An important area for
innovation and program design is the various forms of “low-cost housing
solutions.” “Low-cost land and housing solutions” consist of a wide
range of options that compose the steps of the progressive housing
process. These include serviced and unserviced lots, rehabilitation and
improvement, expansion, construction of a core housing unit on a lot
already owned by the family (for replacement, to add a unit, for
rental), tenure regularization, infrastructure and service upgrading,
etc.). These incremental housing solutions cost a small fraction of
purchasing of a new commercially built unit. Thus, they represent a
fundamental key to large-scale provision of affordable shelter and
housing policy in many countries
Joining such project
approaches with new technologies including housing microfinance
(Ferguson, 2004), organized community participation (Ruster and Imparato,
2003), and selective involvement of the private sector – such as the
Patrimonio Hoy program of CEMEX – may hold the key to creating a new
generation of more effective, more sustainable, and more massive
low-income housing projects that really do reach the poor at sufficient
scale. In this context, it may be time to re-evaluate the earlier
experience of the World Bank and county governments with sites and
services, and slum upgrading programs (Buckley, 2005).
In contrast, many
government housing programs still often focus on making moderate and
middle-income families bankable in order to move formal sector credit
and other systems “downmarket” to these groups and to spur economic
growth. Physically, the prototype moderate-income housing solution in
Latin America consists of a core expandable unit of 25 to 45 square
meters that families upgrade and expand in programmed steps, as need and
available resources dictate; and, in East Asia, a 40 to 80 square meter
housing unit in a multi-story building.
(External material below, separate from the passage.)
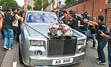 一對新人的勞斯萊斯約值550萬元,來頭不小。

The vested interests of the
construction and development industry often play a large role in
promoting this policy approach. However, most developing countries
usually have a very small housing credit system and a potentially more
important instrument is providing financial subsidies (Buckley, 2005).
The art of low-income housing program design consists mainly
of joining financial resources (subsidies, credit, and household
savings) with different types of low-income housing solutions to suit
local housing conditions, together with strengthening the financial
capacity of government to fund these efforts, and the institutional
capacity of other key actors (housing NGOs, local governments, lenders)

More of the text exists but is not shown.